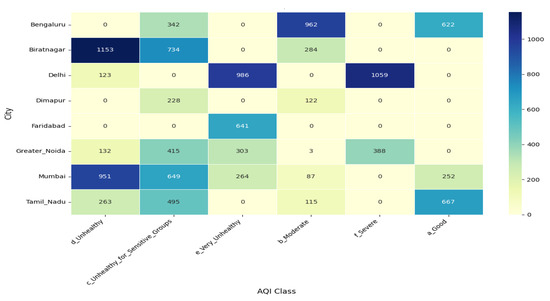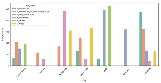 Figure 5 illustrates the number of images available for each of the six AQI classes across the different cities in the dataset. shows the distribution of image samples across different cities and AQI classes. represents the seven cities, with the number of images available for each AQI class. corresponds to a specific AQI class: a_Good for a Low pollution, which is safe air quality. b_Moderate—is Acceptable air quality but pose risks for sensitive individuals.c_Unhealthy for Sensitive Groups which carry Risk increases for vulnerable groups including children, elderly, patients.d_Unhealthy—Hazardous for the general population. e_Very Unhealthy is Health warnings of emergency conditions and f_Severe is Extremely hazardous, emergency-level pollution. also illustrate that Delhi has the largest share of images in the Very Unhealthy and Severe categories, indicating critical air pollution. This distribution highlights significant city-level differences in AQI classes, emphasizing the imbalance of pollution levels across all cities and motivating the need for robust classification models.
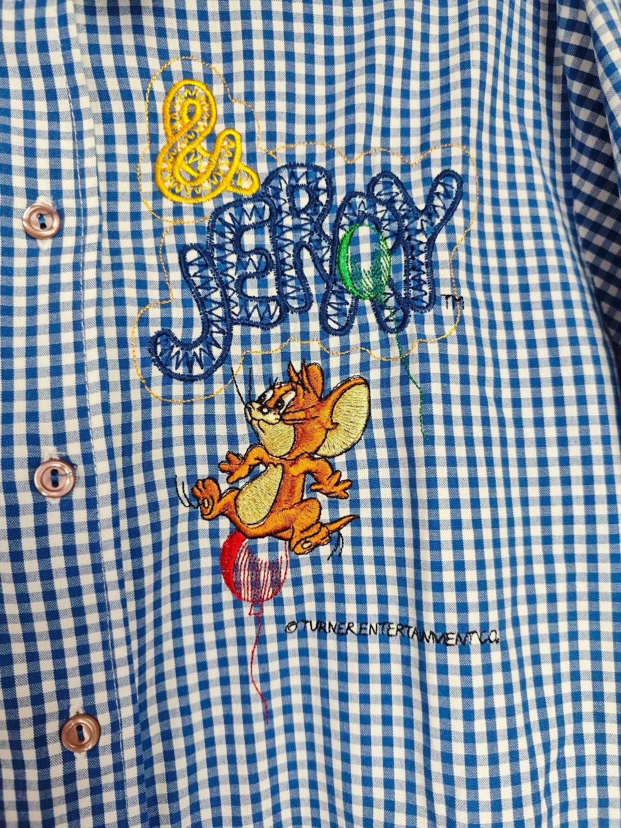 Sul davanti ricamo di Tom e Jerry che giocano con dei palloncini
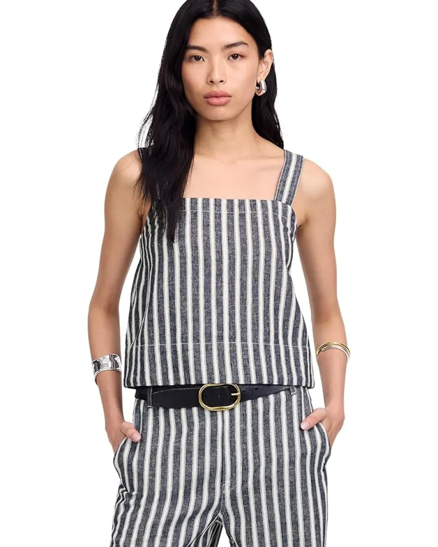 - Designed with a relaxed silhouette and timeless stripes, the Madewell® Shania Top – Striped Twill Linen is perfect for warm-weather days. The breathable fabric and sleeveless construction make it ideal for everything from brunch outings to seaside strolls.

• • • •

(WORK REQUEST):
Every picture stays out; reproduce exactly the lines from the one with "Sul davanti ricamo" through the last line of the data above.

(COMPLETED EXERCISE):
 Sul davanti ricamo di Tom e Jerry che giocano con dei palloncini
 - Designed with a relaxed silhouette and timeless stripes, the Madewell® Shania Top – Striped Twill Linen is perfect for warm-weather days. The breathable fabric and sleeveless construction make it ideal for everything from brunch outings to seaside strolls.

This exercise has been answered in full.